クララ・シューマンは史上最も傑出した女性…


 クララ・シューマンは史上最も傑出した女性音楽家の一人。ロベルト・シューマンが師事したピアノ教師F・ヴィークの娘で、伝説的な恋愛の後、彼の妻になった。が、夫は精神的に不安定でクララが7人の子供と経済を支えることに。

 今年は彼女の生誕200年で、これを記念するバースデー・コンサートが今月13日、東京の紀尾井ホールで開かれた。曲はJ・S・バッハの平均律クラヴィーア曲集第1巻第5番から始まった。

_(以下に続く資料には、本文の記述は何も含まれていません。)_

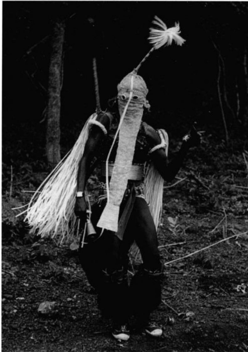
Gwangwuran mask - Etolo, Sénégal

Dans une société qui n'a plus de rite de passage pour ce seuil si puissant qu'est l'adolescence vers l'âge adulte, j'ai envie de m'adresser directement aux adolescents et adolescentes et leur proposer un rituel. Une adresse directe, en mouvement, pleine d'énergie, de transformations qui puise dans l'anthropologie pour réinventer un continuum entre cultures traditionnelles et contemporaines — Sylvie Balestra

 シューマン、ショパン、クララ、メンデルスゾーン、パガニーニと続いたが、実は彼女の生涯をゆかりの曲でたどった選曲。バッハはヴィーク家のサロンでクララによってよく演奏された曲だった。

 コンサートの主役は二つの楽器だ。クララが使用していたピアノ「グロトリアン・スタインヴェッグ1877年製」と、クララと共演した天才ヴァイオリニスト、ヨーゼフ・ヨアヒムの使用していたストラディバリウス「ヨアヒム=エルマン」。

 ピアノを弾いたのは三船文子、クララ・ワング、下中美都、三輪美恵、平石那月の5氏で、ヴァイオリンは久保陽子さん。そこにチェロの三船文彰さんが加わった。彼がこのコンサートの企画者だ。

 ピアノの音色は深々として重厚だが、よく歌い、高音域は清らか。19世紀の響きなのだ。一方ヴァイオリンは驚くほどよく響き、超絶技法を駆使したパワフルな演奏。ピアノが最高の花を咲かせた時代を再現した貴重な時間だった。